Pero eso es una cosa y otra muy diferente que la colección salga de un museo provincial para ir a otro museo provincial. Eso sería un insulto a Lugo y a los lucenses del que bajo ningún concepto podría ser cómplice la Xunta o el Estado.

Si la Diputación de Pontevedra quiere pagar a esta familia cuatro millones de euros, y los tiene, por la colección, es muy dueña y hará muy bien en ponerlos sobre la mesa y entregárselos. Es una cuestión que atañe a la negociación que puedan hacer.
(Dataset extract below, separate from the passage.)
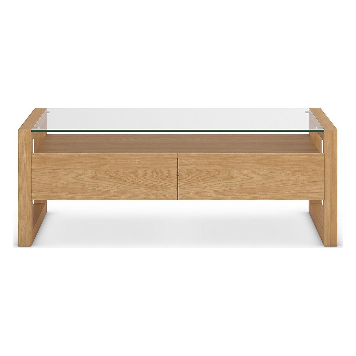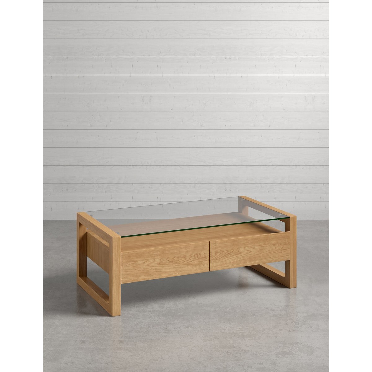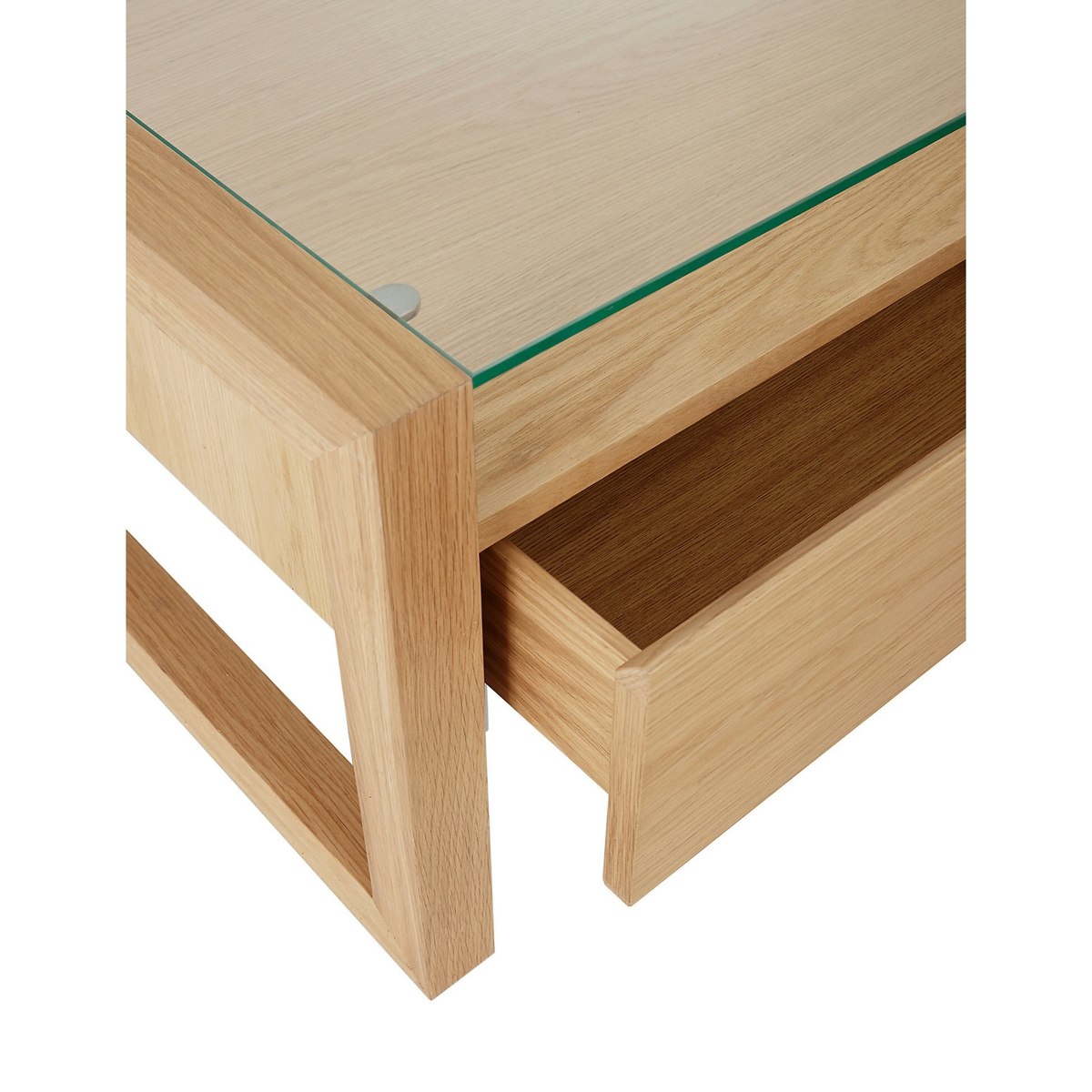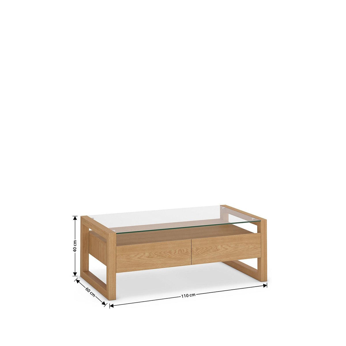 Our Colby glass-top coffee table is not only a practical storage solution but also a stylish way to create a striking focal point in any contemporary room. This sleek coffee table features clean lines thanks to the modern tempered glass table top neatly housed in an angular wooden frame for an on trend modern look. A soft-close drawer offers great storage for remotes and controls, making this table as practical as it is stylish."}

Pero no entendería, y creo que nadie en Lugo, que la Xunta o el Estado colaborasen económicamente o de cualquier otra forma, en saquear nuestro museo (el término de “saqueo” es aportación de Diego, también lo saludo, que hoy estoy muy así) para llevar su contenido a otra provincia gallega. Si quieren poner pasta que la pongan para que esto vuelva a Lugo.

Es una cuestión de competencias. Los lucenses somos tan gallegos como los pontevedreses, y por tanto sería un favoritismo inaceptable el cambio de ubicación con apoyo autonómico.

Avisados quedan, luego no me protesten si les monto un lío.

Por cierto, hablando de broncas, espero que alguien tenga la elegancia de dimitir por este desaguisado. ¡Qué inocente soy!